SOURCE MATERIAL –
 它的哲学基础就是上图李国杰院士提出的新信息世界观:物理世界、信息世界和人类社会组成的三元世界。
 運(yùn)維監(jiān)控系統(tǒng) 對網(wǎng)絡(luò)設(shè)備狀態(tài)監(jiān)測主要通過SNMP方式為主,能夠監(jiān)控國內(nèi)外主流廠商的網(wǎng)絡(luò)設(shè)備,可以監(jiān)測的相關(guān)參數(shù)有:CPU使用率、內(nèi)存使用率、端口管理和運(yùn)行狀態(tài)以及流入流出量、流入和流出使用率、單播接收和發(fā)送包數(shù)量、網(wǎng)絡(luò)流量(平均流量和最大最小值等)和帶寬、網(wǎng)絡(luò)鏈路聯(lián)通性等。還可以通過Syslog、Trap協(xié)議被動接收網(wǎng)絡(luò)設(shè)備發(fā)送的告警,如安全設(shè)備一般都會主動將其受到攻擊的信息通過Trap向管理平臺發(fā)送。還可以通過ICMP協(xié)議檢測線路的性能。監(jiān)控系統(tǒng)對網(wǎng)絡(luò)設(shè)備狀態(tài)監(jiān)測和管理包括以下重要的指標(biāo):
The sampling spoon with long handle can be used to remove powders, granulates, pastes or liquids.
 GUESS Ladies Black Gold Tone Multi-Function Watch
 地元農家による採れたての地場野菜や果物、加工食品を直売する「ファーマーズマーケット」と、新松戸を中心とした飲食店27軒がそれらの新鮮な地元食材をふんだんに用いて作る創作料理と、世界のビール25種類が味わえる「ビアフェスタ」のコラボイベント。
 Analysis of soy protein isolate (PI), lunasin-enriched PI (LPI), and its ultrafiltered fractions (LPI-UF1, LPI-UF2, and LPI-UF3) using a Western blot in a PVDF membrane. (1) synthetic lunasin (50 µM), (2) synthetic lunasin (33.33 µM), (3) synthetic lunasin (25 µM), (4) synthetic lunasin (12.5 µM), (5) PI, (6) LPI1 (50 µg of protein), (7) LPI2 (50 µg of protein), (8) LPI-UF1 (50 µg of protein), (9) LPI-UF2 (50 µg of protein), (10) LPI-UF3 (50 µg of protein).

EXERCISE AIM – Quote every entry exactly.

TASK RESPONSE –
 它的哲学基础就是上图李国杰院士提出的新信息世界观:物理世界、信息世界和人类社会组成的三元世界。
 運(yùn)維監(jiān)控系統(tǒng) 對網(wǎng)絡(luò)設(shè)備狀態(tài)監(jiān)測主要通過SNMP方式為主,能夠監(jiān)控國內(nèi)外主流廠商的網(wǎng)絡(luò)設(shè)備,可以監(jiān)測的相關(guān)參數(shù)有:CPU使用率、內(nèi)存使用率、端口管理和運(yùn)行狀態(tài)以及流入流出量、流入和流出使用率、單播接收和發(fā)送包數(shù)量、網(wǎng)絡(luò)流量(平均流量和最大最小值等)和帶寬、網(wǎng)絡(luò)鏈路聯(lián)通性等。還可以通過Syslog、Trap協(xié)議被動接收網(wǎng)絡(luò)設(shè)備發(fā)送的告警,如安全設(shè)備一般都會主動將其受到攻擊的信息通過Trap向管理平臺發(fā)送。還可以通過ICMP協(xié)議檢測線路的性能。監(jiān)控系統(tǒng)對網(wǎng)絡(luò)設(shè)備狀態(tài)監(jiān)測和管理包括以下重要的指標(biāo):
The sampling spoon with long handle can be used to remove powders, granulates, pastes or liquids.
 GUESS Ladies Black Gold Tone Multi-Function Watch
 地元農家による採れたての地場野菜や果物、加工食品を直売する「ファーマーズマーケット」と、新松戸を中心とした飲食店27軒がそれらの新鮮な地元食材をふんだんに用いて作る創作料理と、世界のビール25種類が味わえる「ビアフェスタ」のコラボイベント。
 Analysis of soy protein isolate (PI), lunasin-enriched PI (LPI), and its ultrafiltered fractions (LPI-UF1, LPI-UF2, and LPI-UF3) using a Western blot in a PVDF membrane. (1) synthetic lunasin (50 µM), (2) synthetic lunasin (33.33 µM), (3) synthetic lunasin (25 µM), (4) synthetic lunasin (12.5 µM), (5) PI, (6) LPI1 (50 µg of protein), (7) LPI2 (50 µg of protein), (8) LPI-UF1 (50 µg of protein), (9) LPI-UF2 (50 µg of protein), (10) LPI-UF3 (50 µg of protein).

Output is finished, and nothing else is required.